I also transferred a project management process that I used previously and adjusted it to smaller teams and made it more lightweight. I was a huge advocate of introducing our distinct approach to using OKRs and how we would work on our annual and quarterly goals. As part of that effort, I set up the process for tracking our roadmap, projects, and resources which gave me accurate insight into what was happening on the team. I would update my templates on a weekly basis which allowed me to keep stakeholders updated on what was happening at any given moment.
 

In addition, I started conducting anonymous team surveys. At Amazon, we used an automated tool, but I found a convenient alternative called Officevibe. The team would rate how they were feeling, what they thought of a project or a manager, etc. In addition, I included sprint retrospectives in my sprint planning meetings. I used a tool called retrospect.team to efficiently run my retrospectives and iterate processes based on the feedback I was getting from the team.
 

Lessons learned

  • There are always alternatives.
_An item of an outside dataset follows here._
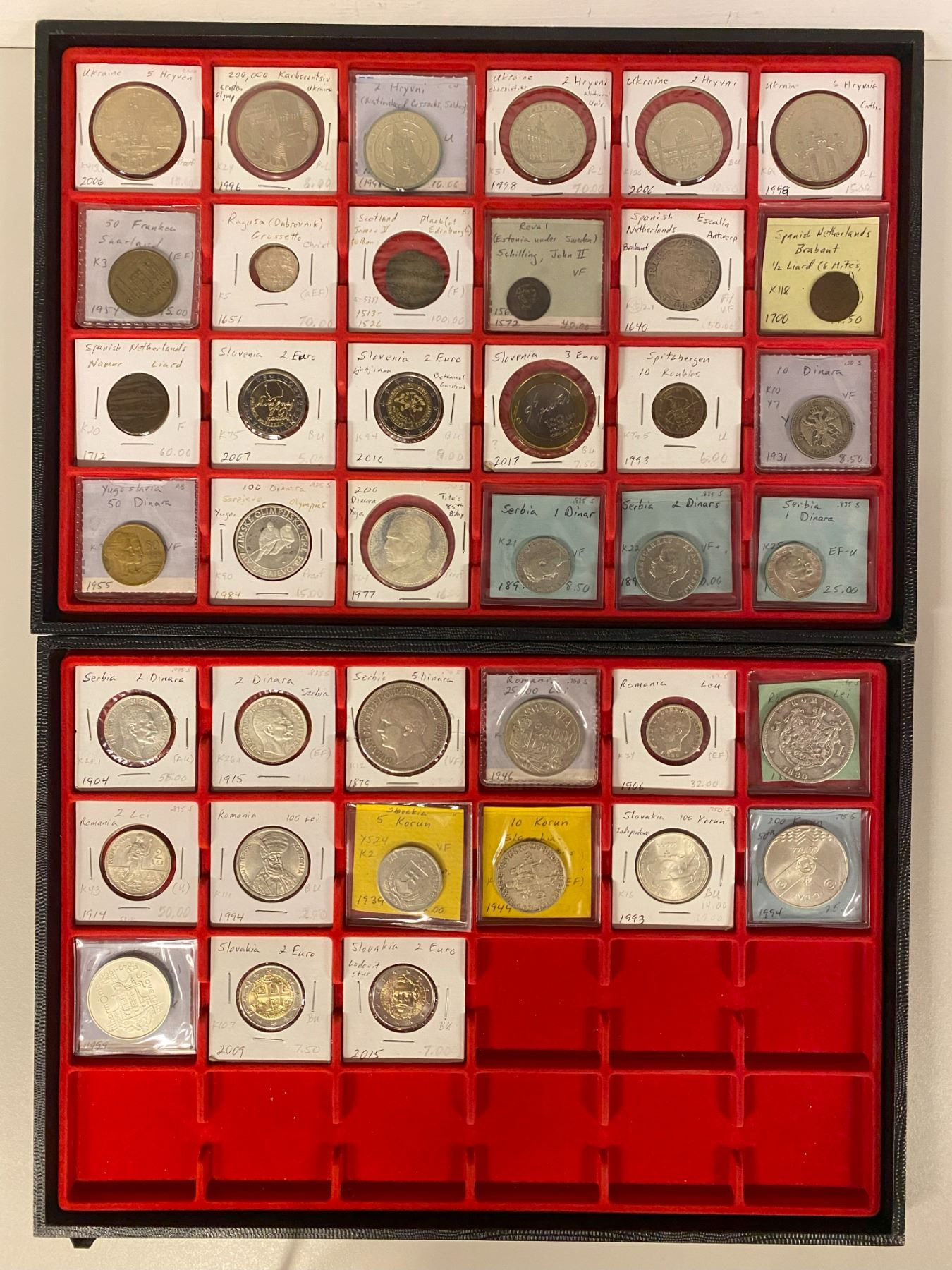 EUROPE: LOT of 39 coins, including a grossetto of Ragusa, 50 franken of Saarland, a well worn plack of James V of Scotland, a schilling of Reval, 7 coins of Slovakia (4 silver), 6 copper nickel crowns of Ukraine, 6 silver coins of Serbia including a F+ 1879 5-dinara, 5 coins of Romania (4 silver including an AU 1906 leu) and 11 others; retail value $700, lot of 39 pieces.

Saying that all the tools you once had at your disposal are not available to you anymore is a poor excuse. You will always be able to find alternative tools -- perhaps not the most comprehensive -- but that could help you run the processes lightweight.
  • It will take you some time to understand the new ways but you will be able to apply most of your knowledge accumulated in the past. Moreover, if you are joining a startup you will have an opportunity to start some processes for the first time and embed your knowledge in the very foundations of your company. I transferred many great processes that I acquired in highly-organized and productive teams of large companies and was able to lead others by applying that knowledge.
  • You can only go upward. When you join a small startup many things simply won’t work or won’t be in place. Whatever you set up will be better from a dysfunctional or non-existent tool or process.
  • Iterate on your processes and conduct retrospectives to retire those that don't work. Don’t be attached, start lightweight and adjust whatever needs to be adjusted.